┌─ Dataset entries

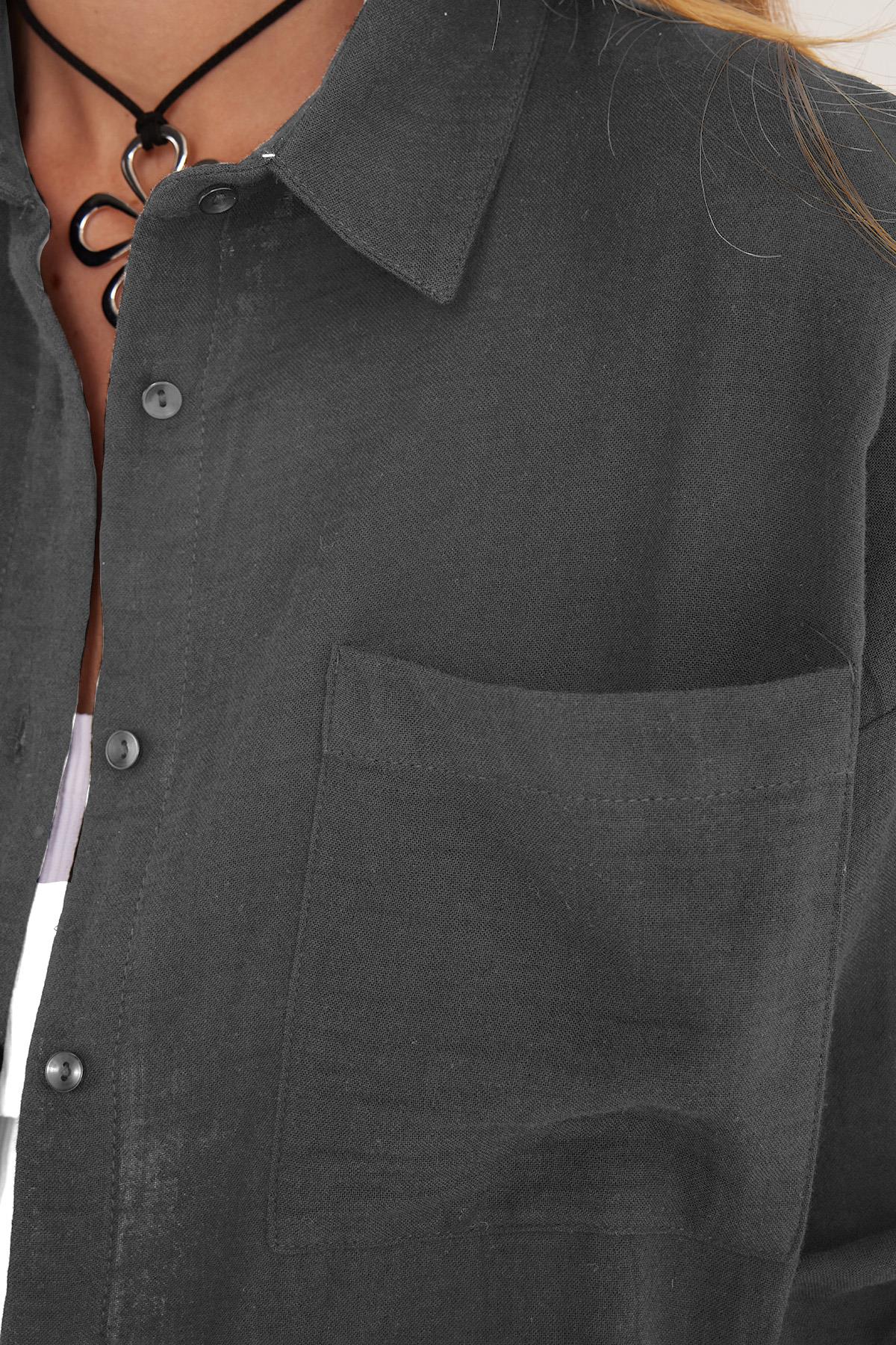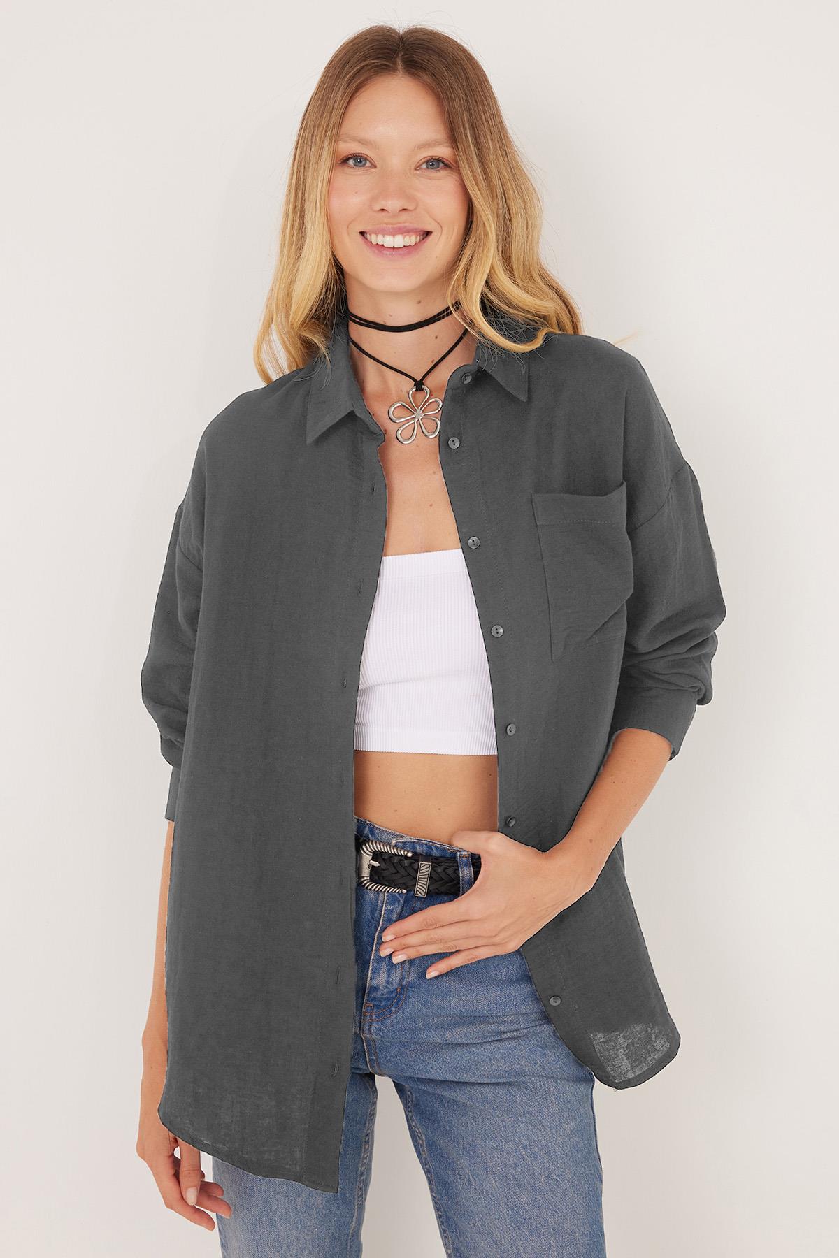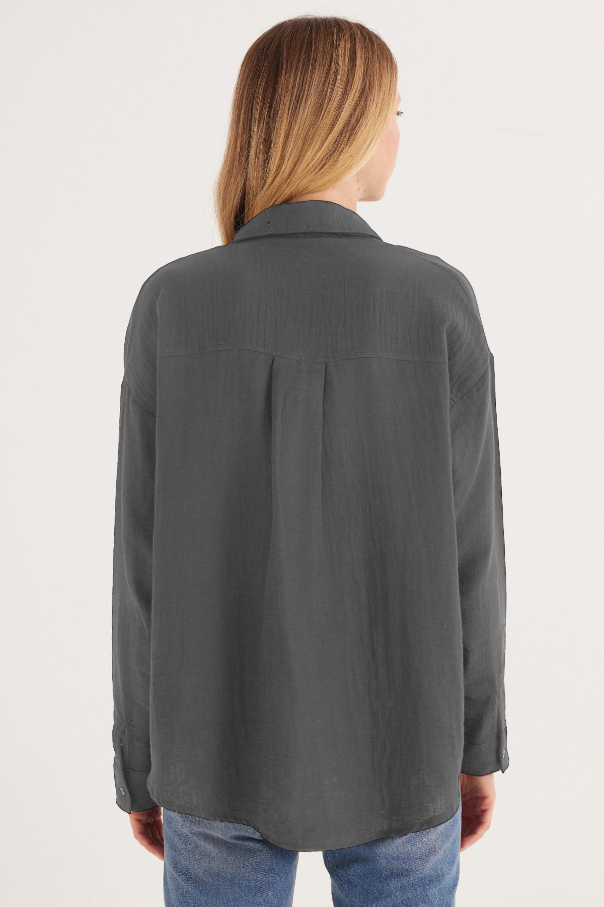 Kadın Oversize Geniş Kesim %100 Pamuk Müslin Kumaş Uzun Kollu Cepli Dokulu Koyu Gri Gömlek (BYGM2551-SDP58)
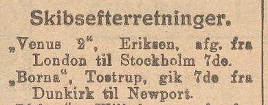 Ble fører første gang i 1919 av Borna ifølge Norske Skipsførere og ifølge Nekrologen
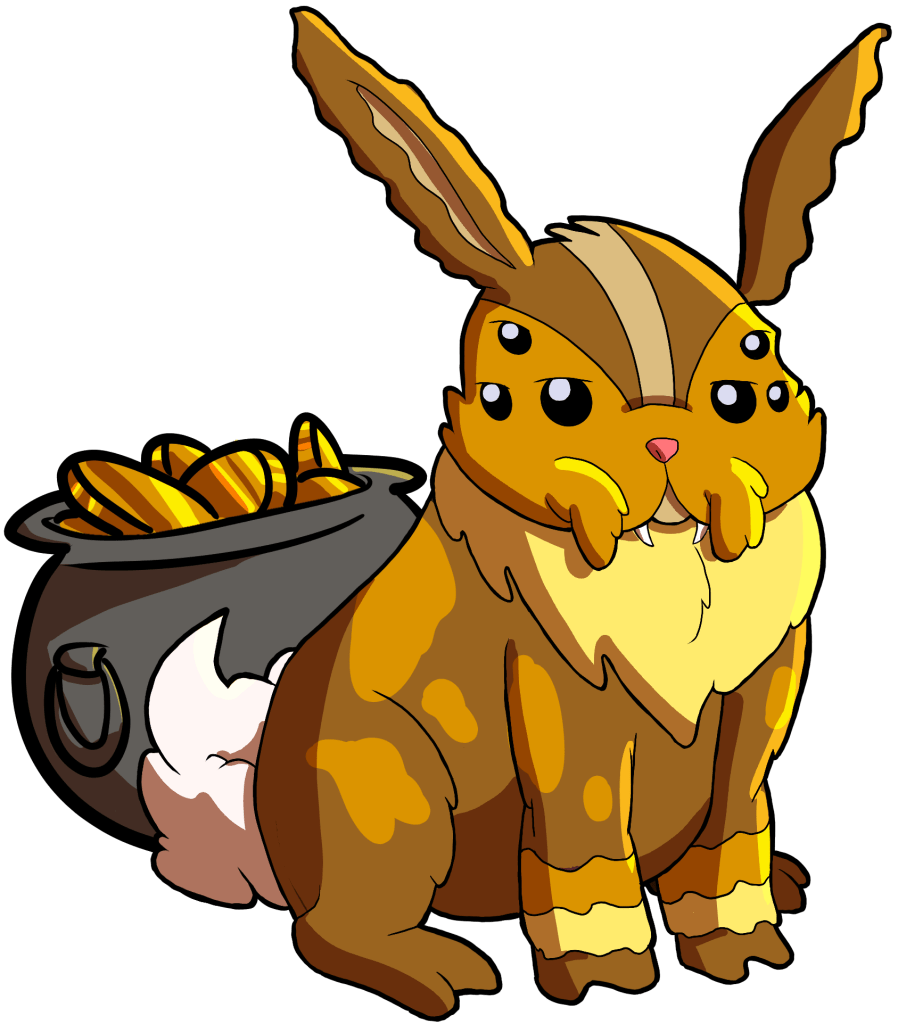 5e Bonus: Sprabbit Tax – Ingot has a Charisma score of 13. Ingot and his owner gain +1 to Charisma checks involving the exchange of goods and services. On a long rest, Ingot will leave if possible, quickly returning with 1d4 gold for his own pockets. Once per day, his handler can make a DC20 Charisma check of their choice to convince Ingot to share half of his personal stash, rolling with disadvantage if no business has been conducted in the last 24 hours.
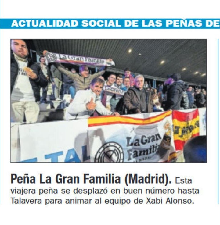 Empezamos el 2026 con ilusión, tanto en lo personal, como en lo deportivo. La Gran Familia sigue trabajando para dar el mejor servio a sus socios y seguir apoyando en todo momento a todos nuestros equipos, en los mejores momentos, pero sobre todo cuándo las cosas no nos vayan tan bien. Y os animamos a que participéis en todas las actividades que la Peña os proponga. Entre ellas, aportar vuestras fotografías apoyando a nuestros equipos a ésta Historia Gráfica. Feliz años a todos y Hala Madrid siempre!!!
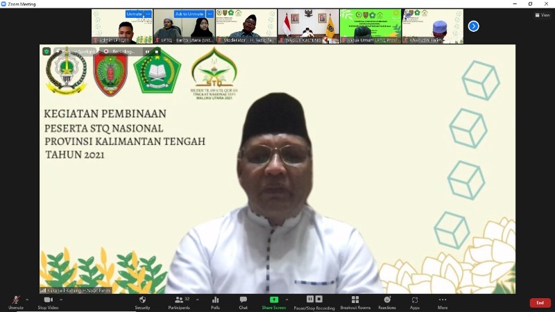 Hal itu disampaikan Kakanwil saat memberikan kata sambutan pada acara pembukaan Pembinaan Peserta STQ Nasional XXVI asal Kalteng yang dilaksanakan secara daring melalui aplikasi zoom meeting, Senin (6/9/2021) malam.
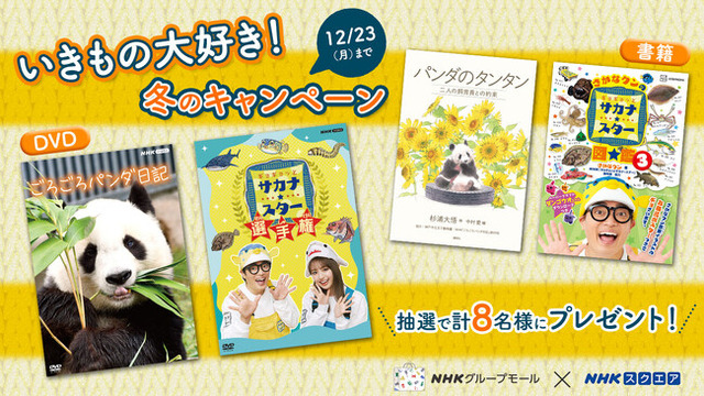 株式会社NHKエンタープライズ(本社:東京都渋谷区)は、2024年12月20日よりDVDの発売を開始する「ギョギョッとサカナ★スター選手権」「ごろごろパンダ日記」を記念して、番組関連のDVD・書籍が当たるプレゼントキャンペーン「いきもの大好き!冬のキャンペーン」を「NHKグループモール」と「NHKスクエア」のX(旧Twitter)で12月13日~23日まで実施します。
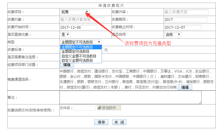 5)收費類型:充值——對應(yīng)前臺項目為生活繳費,使用場景:可以允許學(xué)生重復(fù)繳費的項目,比如一卡通補卡費、停車費。
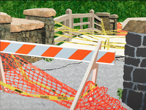 In the second floor atrium, "textile painter" Lisa Lackey defies perception, creating large canvases that viewers assume to be painted, only to discover, upon closer inspection, that they are, in fact, created with fabric, string, yarn, and cloth. Her unique fabric/paper collages memorialize glimpses of time and the hidden delights of ordinary places. Approaching her subjects from unusual angles/ perspectives, her works reveal the beauties found in daily life: the intersecting lines and complex textures of a construction site with police tapefencing and a colorful sawhorse (Momma Said There'd Be Days Like This),, the shadows cast by human figures and a chain link fence (Connections), the conversation implied by two empty Adirondack chairs left facing one another (Can We Talk?), or the social gathering suggested by the empty chairs, and an unfinished drink (Oyster Bar). In a very real sense, Lackey is teaching the viewer to see anew – to draw inferences from settings - and to appreciate the uniqueness of ordinary places that surround us all.
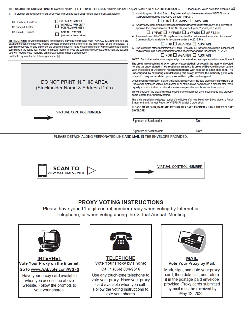 THE BOARD OF DIRECTORS RECOMMENDS A VOTE “FOR” THE ELECTION OF DIRECTORS, “FOR” PROPOSALS 2, 4, and 5, AND “ONE YEAR” FOR PROPOSAL 3. Please mark votes as in this example 1. The election of three directors for a three-year term ending at the 2026 Annual Meeting of Stockholders: 2. An advisory (non-binding) Say-on-Pay Vote relating to the compensation of WSFS Financial Corporation’s named executive officers (“NEOs”). 01 Eleuthère I. du Pont 02 Nancy J. Foster 03 David G. Turner FOR ALL NOMINEES WITHHOLD AUTHORITY FOR ALL NOMINEES FOR ALL EXCEPT (see instructions below) FOR AGAINST ABSTAIN 3. An advisory (non-binding) vote recommending the frequency of the Say-on-Pay Vote to approve the compensation of the NEOs, every 1 year, 2 years, or 3 years. 1 YEAR 2 YEARS 3 YEARS ABSTAIN 4. An amendment of the 2018 Long-Term Incentive Plan to increase the number of shares of INSTRUCTIONS: To withhold authority to vote for any individual nominee(s), mark “FOR ALL EXCEPT” and fill in the box next to each nominee you wish to withhold and write the number(s) of the nominee(s) on the line below. To cumulate your vote for one or more of the above nominee(s), hand write the manner in which such votes shall be cumulated in the space next to each nominee(s) name(s). If you are cumulating your vote, do not mark the box and you will need to vote manually on a proxy card and not electronically. I withhold my vote for the following nominee(s) Common Stock available for issuance under the 2018 Plan. FOR AGAINST ABSTAIN 5. The ratification of the appointment of KPMG LLP as WSFS Financial Corporation’s independent registered public accounting firm for the fiscal year ending December 31, 2023. FOR AGAINST ABSTAIN NOTE: Such other matters as may properly come before the meeting or any adjournment thereof. The proxy is revocable and, when properly executed will be voted in the manner directed here by the undersigned. If no directions are made, this proxy will be voted in accordance with the Board of Directors’ recommendations with respect to each proposal. The undersigned, by executing and delivering this proxy, revokes the authority given with respect to any earlier dated proxy submitted by the undersigned. Unless contrary direction is given, the right is reserved in the sole discretion of the Board of Directors to distribute votes among some or all of the above nominees in a manner other than equally so as to elect as directors the maximum possible number of such nominees. ln their discretion the proxies are authorized to vote upon such other business as may properly come before the Annual Meeting. The undersigned acknowledges receipt of the Notice of Annual Meeting of Stockholders, a Proxy Statement and Annual Report of WSFS Financial Corporation. PLEASE MARK, SIGN, DATE AND RETURN THIS CARD PROMPTLY USING THE ENCLOSED VIRTUAL CONTROL NUMBER ENVELOPE. Signature of Stockholder: Date Signature of Stockholder: Date PLEASE DETACH ALONG PERFORATED LINE AND MAIL IN THE ENVELOPE PROVIDED. PROXY VOTING INSTRUCTIONS Please have your 11-digit control number ready when voting by Internet or Telephone, or when voting during the Virtual Annual Meeting SCAN TO VIEW MATERIALS & VOTE VIRTUAL CONTROL NUMBER INTERNET Vote Your Proxy on the Internet: Go to www.AALvote.com/WSFS Have your proxy card available when you access the above website. Follow the prompts to vote your shares. TELEPHONE Vote Your Proxy by Phone: Call 1 (866) 804-9616 Use any touch-tone telephone to vote your proxy. Have your proxy card available when you call. Follow the voting instructions to vote your shares. MAIL Vote Your Proxy by Mail: Mark, sign, and date your proxy card, then detach it, and return it in the postage-paid envelope provided. Proxy cards submitted by mail must be received by May 12, 2023. DO NOT PRINT IN THIS AREA (Stockholder Name & Address Data)
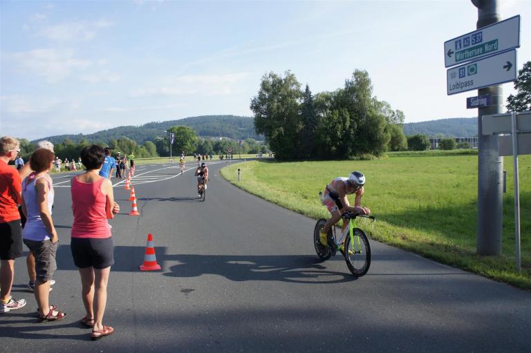 In der Wechselzone schnell die Radutensilien anziehen und ab aufs Rad. Es geht erst einmal Richtung Station bevor man dann am Wörthersee entlang fährt. Die ersten Kilometer ist die Radstrecke noch relativ voll. Das Feld muss sich langsam auseinander ziehen.
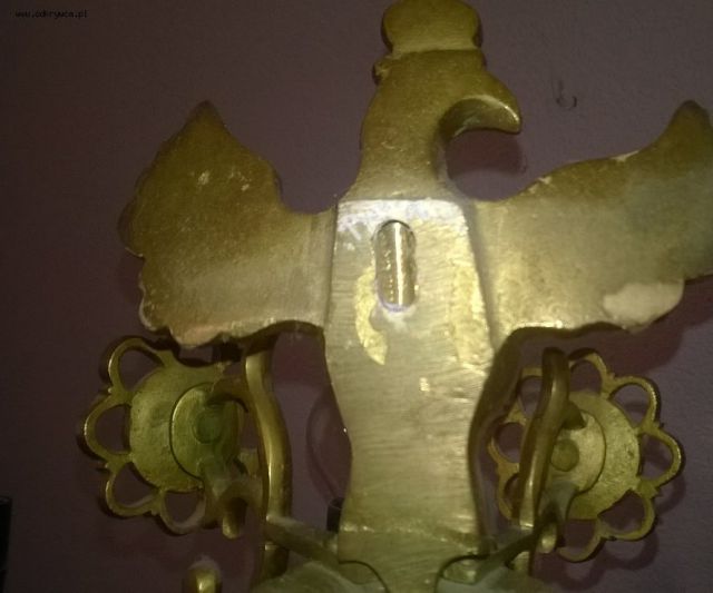 Będąc u znajomego zauważyłem nietypowy kinkiet. Orzeł wygląda jak z Księstwa Warszawskiego. Kinkiet jest ciężki, kinkiet został przerobiony ponieważ ma oświetlenie. Może ktoś coś więcej wie na temat tego kinkietu.

└─

▸ Problem description:
What you give back must be exactly the lines from the opening line of the entries through the line holding "5)收費類型:充值——對應(yīng)前", with no pictures.

▸ Response box:
 Kadın Oversize Geniş Kesim %100 Pamuk Müslin Kumaş Uzun Kollu Cepli Dokulu Koyu Gri Gömlek (BYGM2551-SDP58)
 Ble fører første gang i 1919 av Borna ifølge Norske Skipsførere og ifølge Nekrologen
 5e Bonus: Sprabbit Tax – Ingot has a Charisma score of 13. Ingot and his owner gain +1 to Charisma checks involving the exchange of goods and services. On a long rest, Ingot will leave if possible, quickly returning with 1d4 gold for his own pockets. Once per day, his handler can make a DC20 Charisma check of their choice to convince Ingot to share half of his personal stash, rolling with disadvantage if no business has been conducted in the last 24 hours.
 Empezamos el 2026 con ilusión, tanto en lo personal, como en lo deportivo. La Gran Familia sigue trabajando para dar el mejor servio a sus socios y seguir apoyando en todo momento a todos nuestros equipos, en los mejores momentos, pero sobre todo cuándo las cosas no nos vayan tan bien. Y os animamos a que participéis en todas las actividades que la Peña os proponga. Entre ellas, aportar vuestras fotografías apoyando a nuestros equipos a ésta Historia Gráfica. Feliz años a todos y Hala Madrid siempre!!!
 Hal itu disampaikan Kakanwil saat memberikan kata sambutan pada acara pembukaan Pembinaan Peserta STQ Nasional XXVI asal Kalteng yang dilaksanakan secara daring melalui aplikasi zoom meeting, Senin (6/9/2021) malam.
 株式会社NHKエンタープライズ(本社:東京都渋谷区)は、2024年12月20日よりDVDの発売を開始する「ギョギョッとサカナ★スター選手権」「ごろごろパンダ日記」を記念して、番組関連のDVD・書籍が当たるプレゼントキャンペーン「いきもの大好き!冬のキャンペーン」を「NHKグループモール」と「NHKスクエア」のX(旧Twitter)で12月13日~23日まで実施します。
 5)收費類型:充值——對應(yīng)前臺項目為生活繳費,使用場景:可以允許學(xué)生重復(fù)繳費的項目,比如一卡通補卡費、停車費。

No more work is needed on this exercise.